YOUR ASSIGNMENT => Please retype, word for word, the line containing "说 明: 这套杯碟造型隽秀,釉色淡雅,图案也与康熙时大多数制品的风格不同." and every line after it through the end of the records, leaving out all pictures.

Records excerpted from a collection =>
■ ■ ■

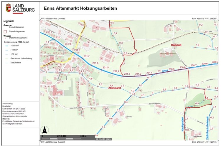 Von 01.12.2025 bis 07.12.2025 ist der Ennsradweg zischen der Ennsbrücke auf der Ortsdurchfahrt und der Tandalierbrücke aufgrund von Holzungsarbeiten gesperrt.
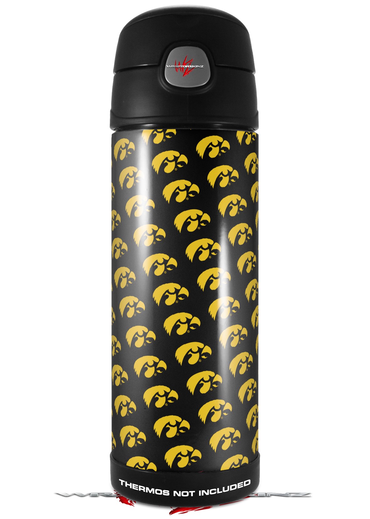 Skin Decal Wrap for Thermos Funtainer 16oz Bottle Iowa Hawkeyes Tigerhawk Tiled 06 Gold on Black (BOTTLE NOT INCLUDED) by WraptorSkinz
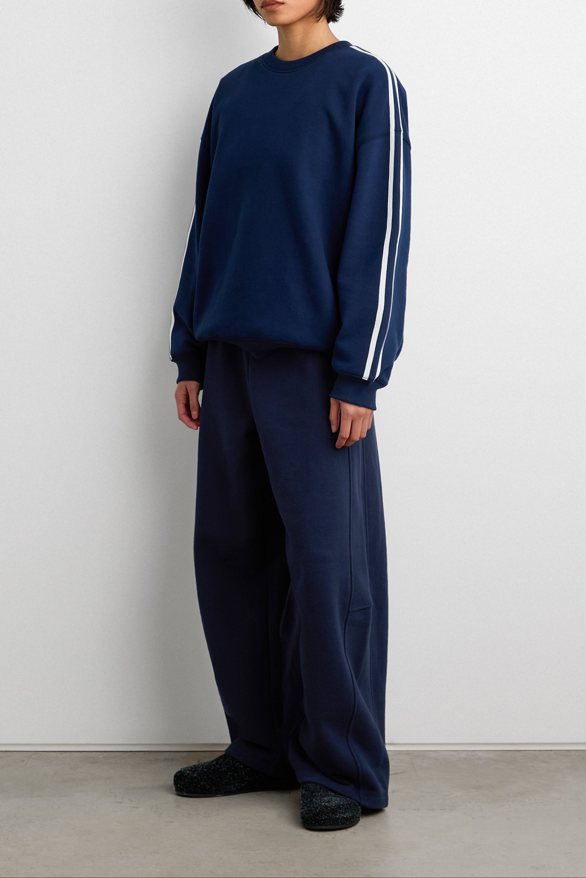 These barrel leg sweatpants are made in an oversized fit with an elasticated waist band. It has seam details to accentuate the curved leg and side pockets. Made to wear as a set pair it with the matching sweatshirt.
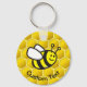 Lächelnder Cartoon über nahtlosen Bienenstock-Hintergrund. Benutzerdefinierter Text auf beiden Seiten.
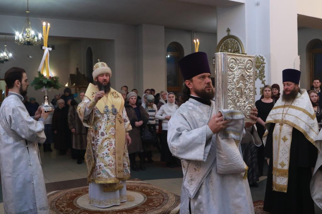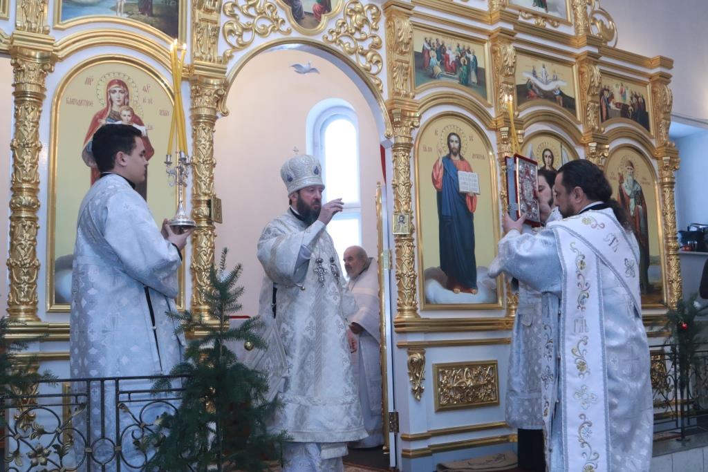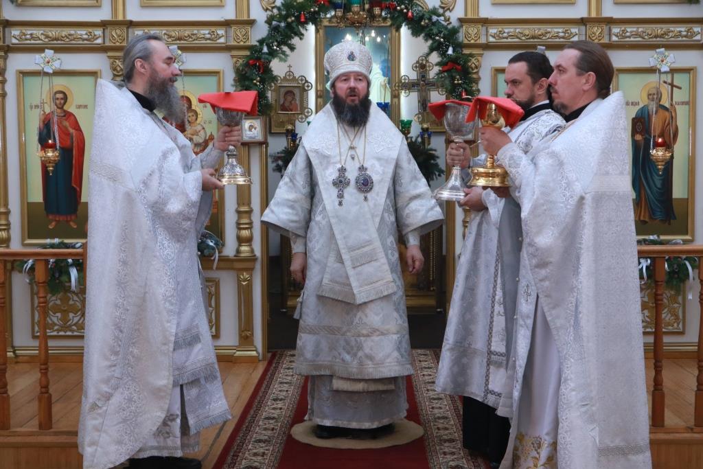 Преосвященнейший епископ Усть-Каменогорский и Семипалатинский Амфилохий возглавил служение особенных уставных чинопоследований Навечерия Рождества Христова – Божественной Литургии святителя Иоанна Златоуста и великой вечерни в кафедральном соборном храме во имя святого апостола Андрея Первозванного города Усть-Каменогорска.
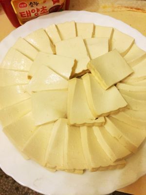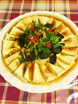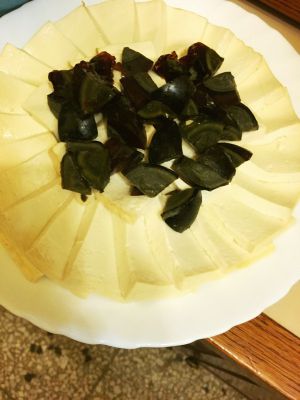 豆腐整块,我买的是鲜豆腐,开启的时候弄不好,裂了,然后用刀切片或者格,皮蛋切碎,本人不会摆盘,能吃就行
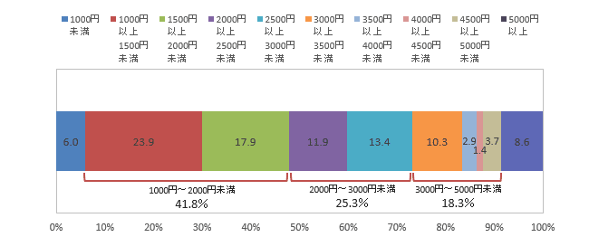 2000円~3000円未満(計)は25.3%、3000円~5000円未満(計)は18.3%となっている。
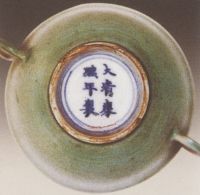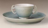 说 明: 这套杯碟造型隽秀,釉色淡雅,图案也与康熙时大多数制品的风格不同.
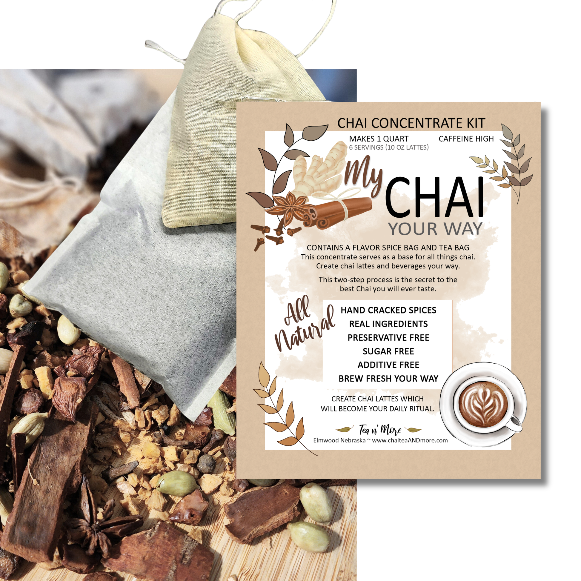 Each kit makes a quart of concentrate which can be stored in the refrigerator and used throughout the week to make the best homemade chai lattes and beverages.

■ ■ ■

TASK RESPONSE =>
 说 明: 这套杯碟造型隽秀,釉色淡雅,图案也与康熙时大多数制品的风格不同.
 Each kit makes a quart of concentrate which can be stored in the refrigerator and used throughout the week to make the best homemade chai lattes and beverages.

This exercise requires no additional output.